Given data:

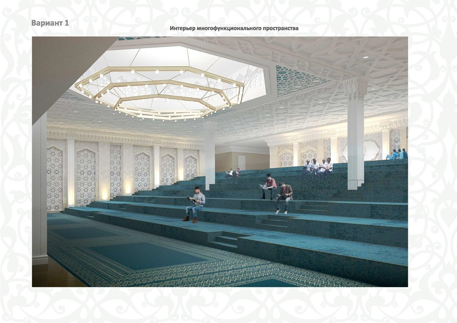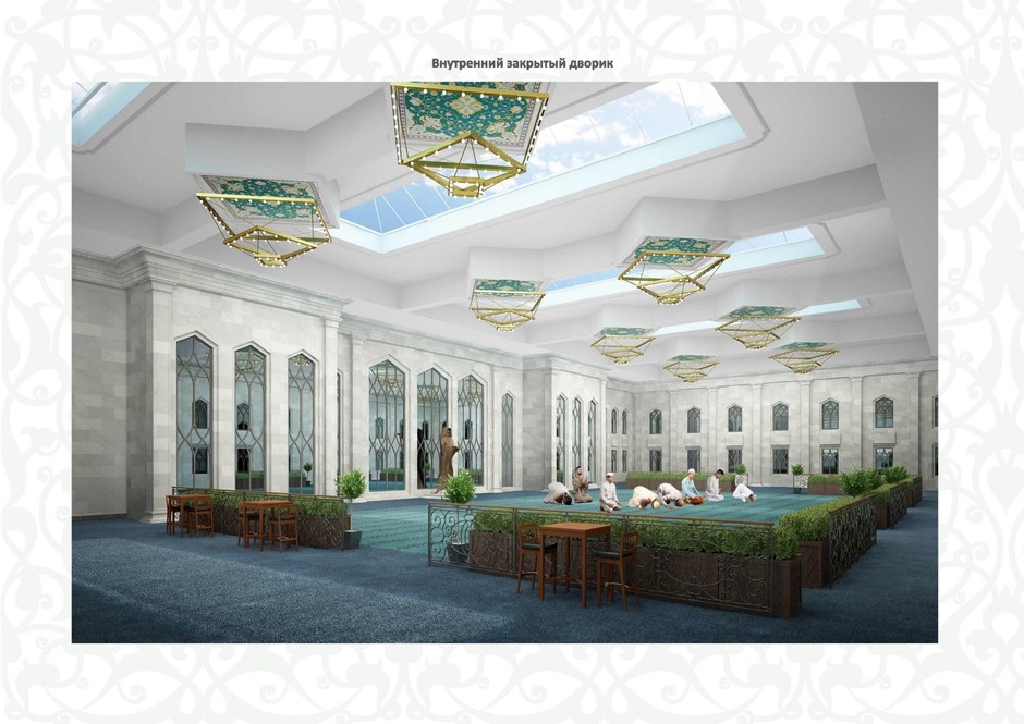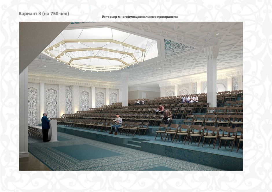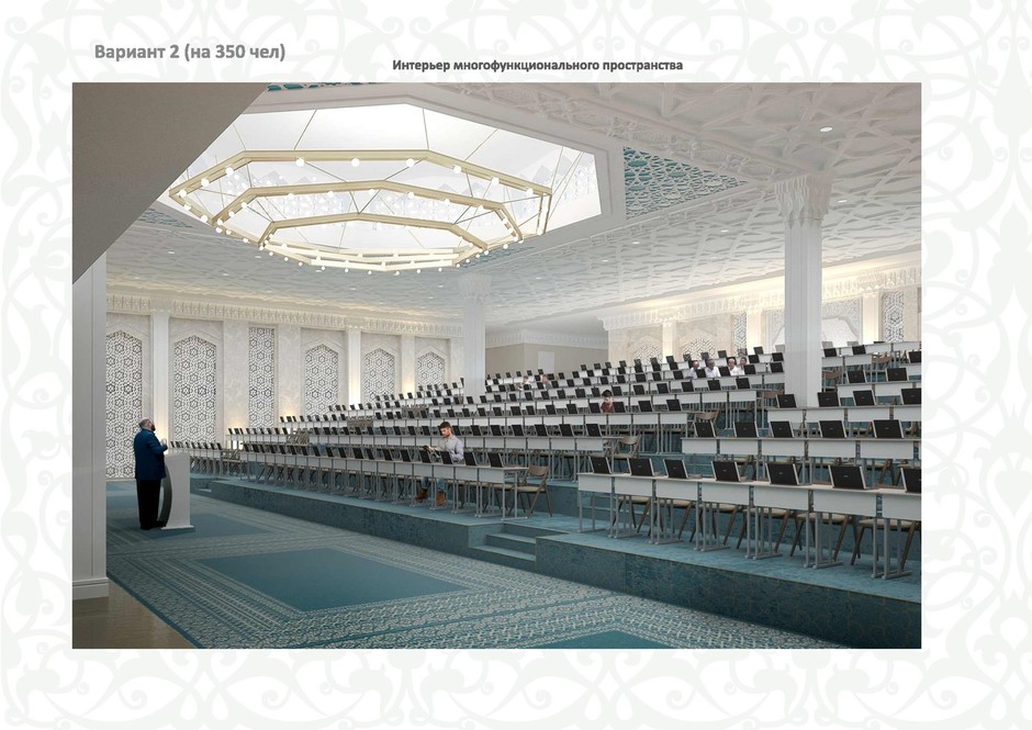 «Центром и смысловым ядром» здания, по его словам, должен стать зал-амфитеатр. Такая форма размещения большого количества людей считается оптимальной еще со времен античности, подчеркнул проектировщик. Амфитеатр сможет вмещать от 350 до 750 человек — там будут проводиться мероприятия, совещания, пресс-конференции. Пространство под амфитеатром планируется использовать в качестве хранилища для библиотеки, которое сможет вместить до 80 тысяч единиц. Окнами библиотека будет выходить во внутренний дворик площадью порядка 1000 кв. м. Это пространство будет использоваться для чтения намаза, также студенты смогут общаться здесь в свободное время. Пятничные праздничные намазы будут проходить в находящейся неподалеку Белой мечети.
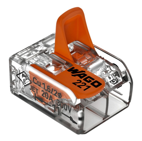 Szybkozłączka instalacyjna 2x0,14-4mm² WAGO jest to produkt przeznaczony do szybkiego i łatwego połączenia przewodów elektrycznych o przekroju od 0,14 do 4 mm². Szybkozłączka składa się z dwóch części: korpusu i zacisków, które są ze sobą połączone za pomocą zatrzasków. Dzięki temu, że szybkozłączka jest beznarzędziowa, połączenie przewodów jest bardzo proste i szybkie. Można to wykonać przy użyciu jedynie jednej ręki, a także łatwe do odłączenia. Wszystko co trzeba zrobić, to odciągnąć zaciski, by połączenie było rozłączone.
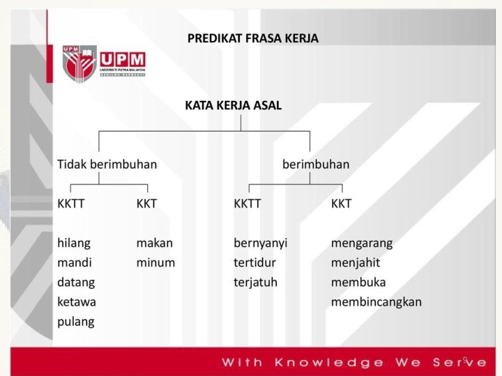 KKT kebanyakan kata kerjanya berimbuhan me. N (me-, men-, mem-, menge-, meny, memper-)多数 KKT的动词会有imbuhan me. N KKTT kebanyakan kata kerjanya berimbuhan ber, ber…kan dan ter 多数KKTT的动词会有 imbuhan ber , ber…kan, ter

Action item: Transcribe the preceding listing in its entirety and with exact wording, leaving out pictures.

Answer to this exercise:
 «Центром и смысловым ядром» здания, по его словам, должен стать зал-амфитеатр. Такая форма размещения большого количества людей считается оптимальной еще со времен античности, подчеркнул проектировщик. Амфитеатр сможет вмещать от 350 до 750 человек — там будут проводиться мероприятия, совещания, пресс-конференции. Пространство под амфитеатром планируется использовать в качестве хранилища для библиотеки, которое сможет вместить до 80 тысяч единиц. Окнами библиотека будет выходить во внутренний дворик площадью порядка 1000 кв. м. Это пространство будет использоваться для чтения намаза, также студенты смогут общаться здесь в свободное время. Пятничные праздничные намазы будут проходить в находящейся неподалеку Белой мечети.
 Szybkozłączka instalacyjna 2x0,14-4mm² WAGO jest to produkt przeznaczony do szybkiego i łatwego połączenia przewodów elektrycznych o przekroju od 0,14 do 4 mm². Szybkozłączka składa się z dwóch części: korpusu i zacisków, które są ze sobą połączone za pomocą zatrzasków. Dzięki temu, że szybkozłączka jest beznarzędziowa, połączenie przewodów jest bardzo proste i szybkie. Można to wykonać przy użyciu jedynie jednej ręki, a także łatwe do odłączenia. Wszystko co trzeba zrobić, to odciągnąć zaciski, by połączenie było rozłączone.
 KKT kebanyakan kata kerjanya berimbuhan me. N (me-, men-, mem-, menge-, meny, memper-)多数 KKT的动词会有imbuhan me. N KKTT kebanyakan kata kerjanya berimbuhan ber, ber…kan dan ter 多数KKTT的动词会有 imbuhan ber , ber…kan, ter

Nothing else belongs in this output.